Today's obsession: Shaun/Shawn/Sean. Shaun is a character in my life who I have been obsessed with for over a year now. It's not so much that I want to be with him in any capacity, it's that he is the unique. He came into my work as a customer. 6'5", tattooed, tethered to 2 metal walking canes, needing my help. He tells me he was in a motorcycle accident, and lost his ability to walk due to a spinal chord injury. I say, But you're walking? and he says, It's a miracle.
Being schizophrenic has its advantages. A miracle in my mind has the full impact that the word should imply. People use the term loosely to describe a nearly impossible situation come true. I think of it as divine intervention. That God had chosen this man to walk because he needed him to be, or needed him to overcome gravity.
We talked. About cars, art, life. I helped him to his car, and nearly tripped while going out the door. Despite his inability to help, he asked if I was ok. He genuinely was concerned over my well being, and stated that he could always get new stuff if ruined, but I was not replaceable. While at his 1960s black mustang we talked more, and he gave me my first tip in my line of work.
That time I thought about him every day for about 3 weeks. I wished and willed him to come back in. Just one more moment.

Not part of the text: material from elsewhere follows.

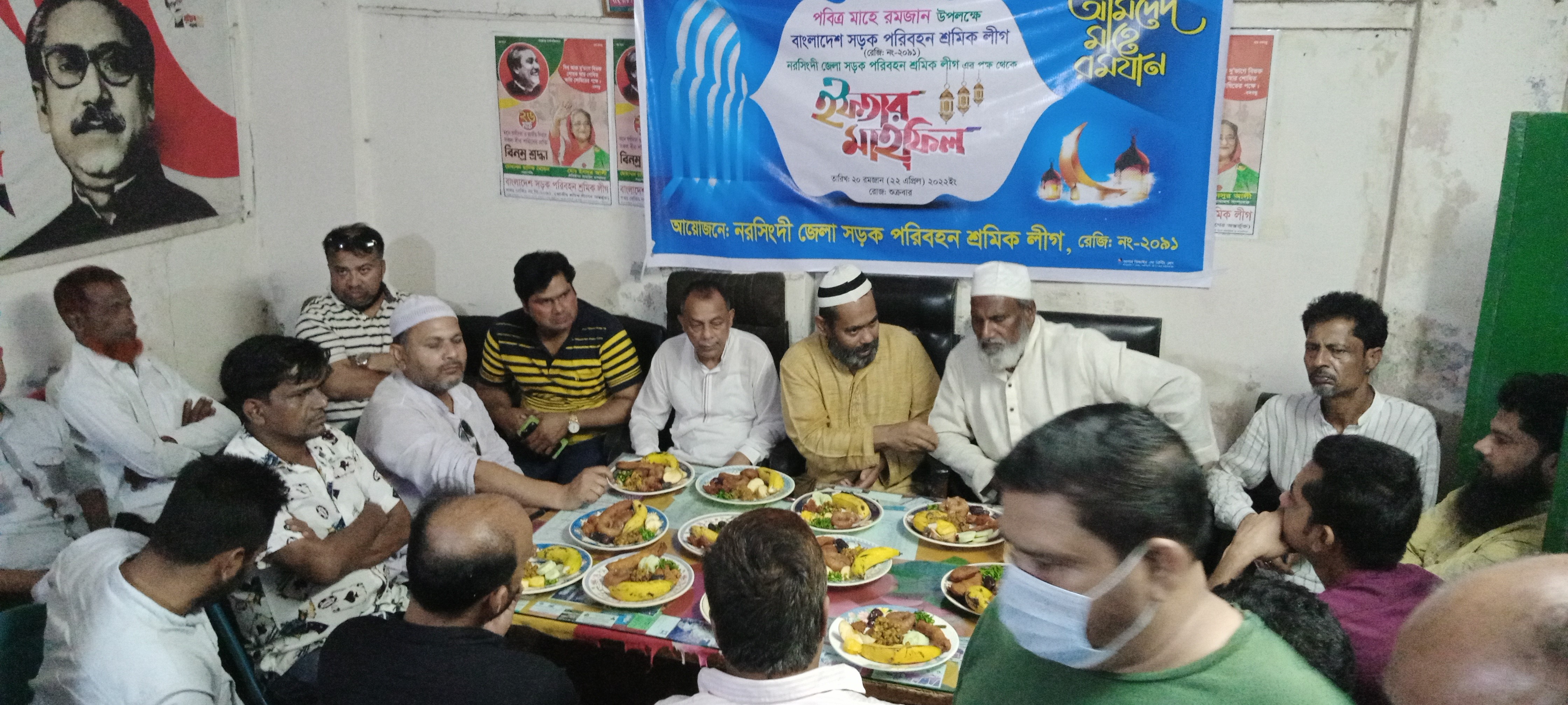 এস.এম.পরিবহনের ট্রান্সপোর্ট লাইন উদ্বোধন উপলক্ষে পরিবহন ও শ্রমিক লীগের পক্ষ থেকে ইফতার মাহফিল

The bees were busy and I was ready with the honey that would flow if I could just have the chance to see him one more time.
It was 6-7 months before he came in again needing help. I had mentally moved on to more unobtainable obsessions, and was caught by surprise by his presence. He was stronger, needing less assistance with walking, and had moved on to a simple cane. He was as beautiful as I remembered him being. I was flustered, giddy...manic. I helped him, we talked about life, and he even stated that "I enjoy spending time with you." I even met his mother who was visiting! It took me 30 minutes to get to a point where I could talk without the manic button being pushed. I prattled on with the next customer telling them that I had such a crush on that man, that man who was just here. You couldn't miss him.
This time it took me 3 months before I awoke not thinking about him. Again wishing and willing him to just call, need my help, just want to see me as much as I want to see him. It has again been 6-7 months since his last visit, and today I am wanting him just as palpably as I did the day after. I am obsessed.
ob·sess
[uhverb (used with object)
1.
to dominate or preoccupy the thoughts, feelings, or desires of (a person); beset, trouble, or haunt persistently or abnormally: Suspicion obsessed him.
verb (used without object)
2.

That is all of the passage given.